Una escena recurrente desde que enfermó en la que primero hay figuras humanoides, medio vueltos bestias, sí, sacudiendo sus orejas peludas de alegría ante un ruido pacificador. Poco a poco la atmósfera se va aclarando y puede reconocer con absoluto rigor el rostro y la sonrisa de muchos jóvenes de su generación. Están encerrados, es un hecho, y el ruido amigable nace de un altoparlante que escupe una voz que simula las maneras rígidas de un cura viejísimo. Y se ve, al igual que el resto, haciendo grandes gestos muy sincronizados, especie de rezo
que no contesta ni reclama nada, sino que apenas repite; un inmenso coro de cotorras. Entonces circula entre las filas una hoja en blanco donde cada cual, en lugar de escribir su nombre como corresponde a un pase de lista, coloca su dedo manchado en tinta de modo que las huellas digitales se suceden renglón tras renglón en una escritura sin sustantivos. Y uno es todos y no uno. Bien sabe Seve que es capaz de escribir quién es en trazos enteramente suyos, de levantar la mano y preguntar:
«¿Podemos cantar?»
Pero comunicarse con un altoparlante se antoja un largo combate en tierras de la inutilidad. En aquel encierro compartido para ser, hay que leer, lo siente con una pasmosa seguridad, leer a secas o con un poco de suerte leer y después escribir, después soñar. Como si el sueño fuera el negativo de la realidad, todo cuanto escuchó despierto ahora es exactamente lo opuesto. Aquello sobre el peligro atroz de leer en la cárcel significa lo contrario, significa: lee o estarás acabado de antemano, lee y sabrás por fin por qué ellos no leen.

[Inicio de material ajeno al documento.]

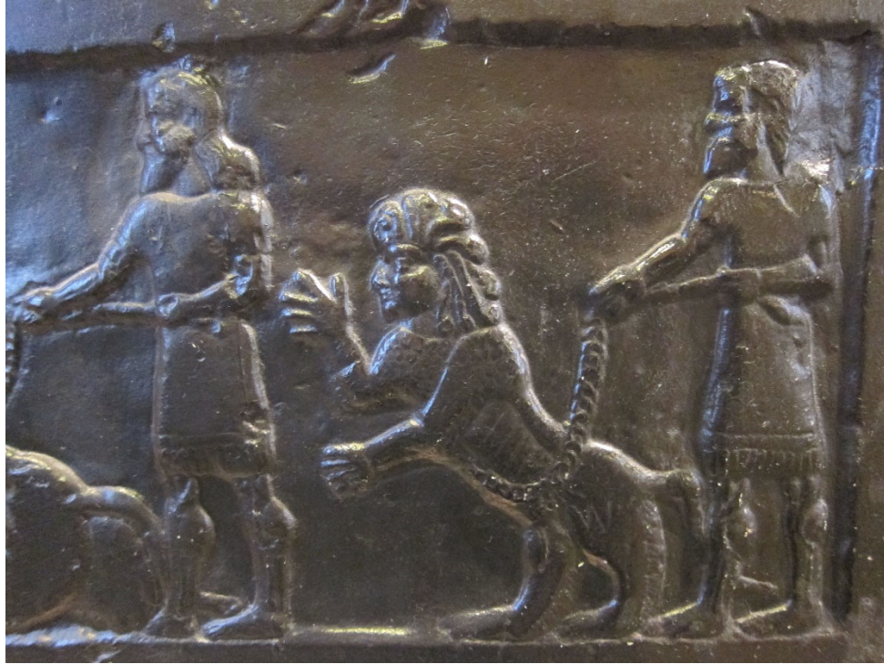
Detail from the third register of a reproduction of the Black Obelisk showing the tribute of Musri (Musasir?). On display at the American Society for Overseas Research (ASOR), Chicago, Illinois.

Pero Severo no tiene conciencia de estar muriendo, él sólo no puede defecar bien y por eso lo han traído al médico, para destupirlo. Siendo un adolescente (y aquí ya no sabemos si sueña o recuerda) padeció una infección en los oídos que lo mantuvo escuchando como dentro de un túnel por varios días. Su madre le dejaba caer unas goticas cada ocho horas que iban regulando el sonido; mientras estuvo en aquel túnel transcurrieron sus primeras lecturas.
Más tarde, cuando ya libre y cercano a la muerte reflexione sobre su imprevista fortaleza para sobrevivir, pensará en este recuerdo preciso, en los sueños en que abría un libro y las paredes a su alrededor se venían abajo.